• _GIVEN INFORMATION_
● ● ● ●

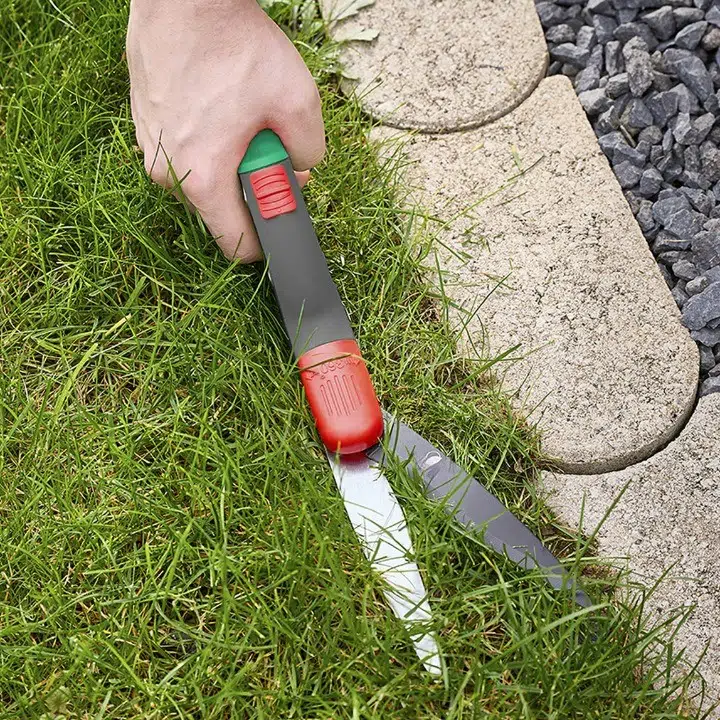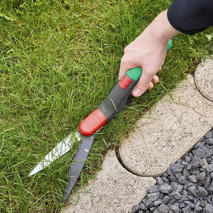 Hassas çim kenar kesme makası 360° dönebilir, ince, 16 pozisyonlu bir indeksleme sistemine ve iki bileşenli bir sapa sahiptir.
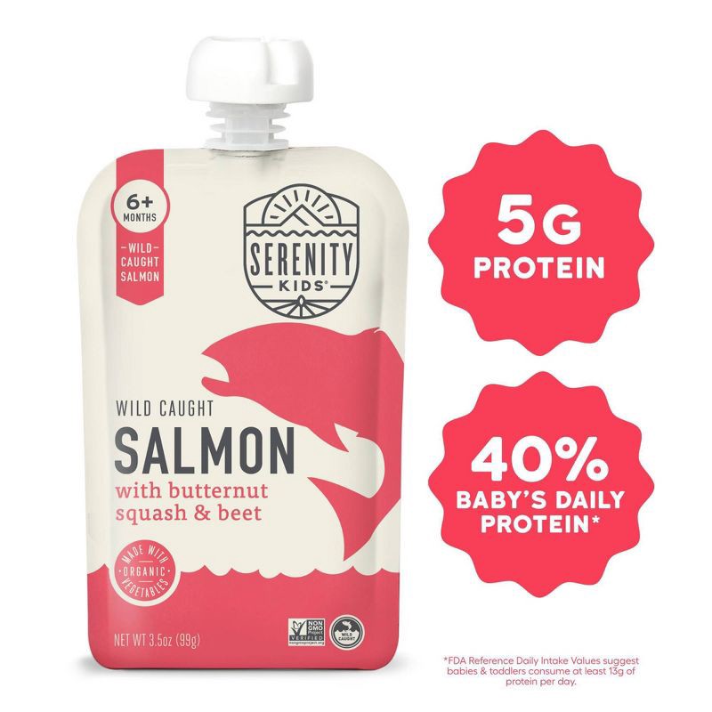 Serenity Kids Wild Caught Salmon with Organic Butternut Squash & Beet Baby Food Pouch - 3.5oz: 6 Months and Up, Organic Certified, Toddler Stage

● ● ● ●

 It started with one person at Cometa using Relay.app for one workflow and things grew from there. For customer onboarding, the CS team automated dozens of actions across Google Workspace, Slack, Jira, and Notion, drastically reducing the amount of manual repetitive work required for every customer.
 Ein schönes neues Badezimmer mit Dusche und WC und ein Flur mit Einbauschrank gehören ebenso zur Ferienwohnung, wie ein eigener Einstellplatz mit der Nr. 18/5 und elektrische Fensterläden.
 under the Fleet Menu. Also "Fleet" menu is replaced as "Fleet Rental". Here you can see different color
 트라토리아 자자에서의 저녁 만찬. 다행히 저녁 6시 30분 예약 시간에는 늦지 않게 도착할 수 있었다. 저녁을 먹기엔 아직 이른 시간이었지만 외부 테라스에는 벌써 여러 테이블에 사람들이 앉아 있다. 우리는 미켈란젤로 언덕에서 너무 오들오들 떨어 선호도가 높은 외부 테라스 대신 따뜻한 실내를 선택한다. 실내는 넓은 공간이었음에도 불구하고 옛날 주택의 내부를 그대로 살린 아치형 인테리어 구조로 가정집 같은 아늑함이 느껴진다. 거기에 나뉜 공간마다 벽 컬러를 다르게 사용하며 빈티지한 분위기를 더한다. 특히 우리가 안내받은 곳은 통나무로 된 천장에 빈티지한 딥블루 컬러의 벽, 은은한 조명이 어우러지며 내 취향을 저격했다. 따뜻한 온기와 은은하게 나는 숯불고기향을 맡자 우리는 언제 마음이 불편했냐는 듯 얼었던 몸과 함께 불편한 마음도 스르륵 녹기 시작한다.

● ● ● ●

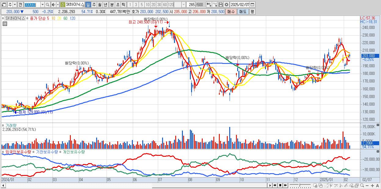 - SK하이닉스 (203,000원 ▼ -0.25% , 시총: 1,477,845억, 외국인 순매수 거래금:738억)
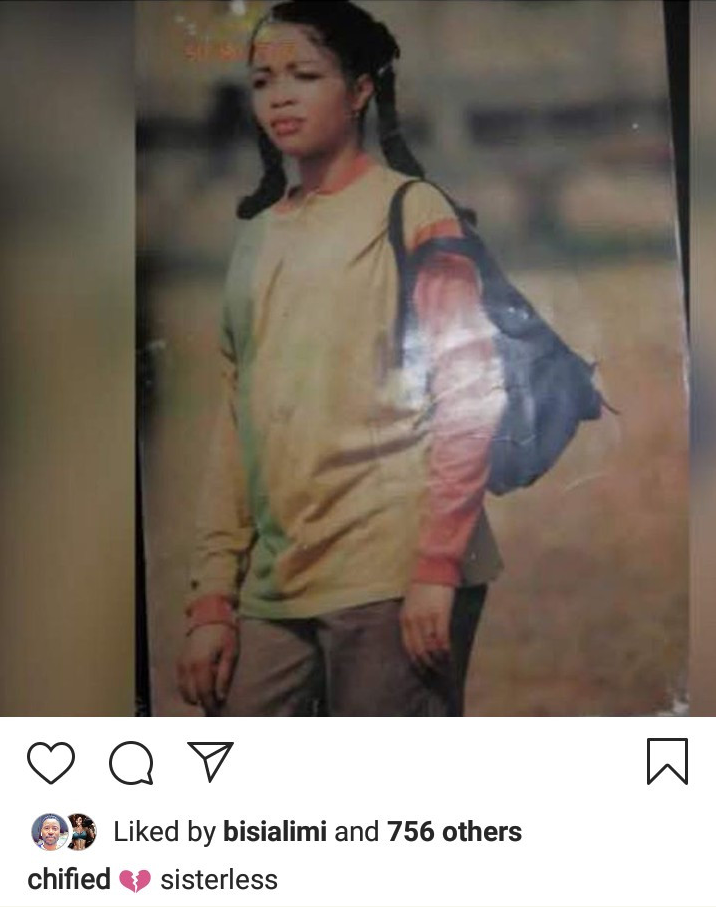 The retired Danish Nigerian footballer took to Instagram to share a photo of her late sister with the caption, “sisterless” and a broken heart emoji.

● ● ● ●

• _WHAT THE TASK ASKS_
Within the listing above, the lines from the one with "Hassas çim kenar" through the one with "Serenity Kids Wild" are to be given again word for word. Do not include pictures.

• _YOUR RESPONSE_
 Hassas çim kenar kesme makası 360° dönebilir, ince, 16 pozisyonlu bir indeksleme sistemine ve iki bileşenli bir sapa sahiptir.
 Serenity Kids Wild Caught Salmon with Organic Butternut Squash & Beet Baby Food Pouch - 3.5oz: 6 Months and Up, Organic Certified, Toddler Stage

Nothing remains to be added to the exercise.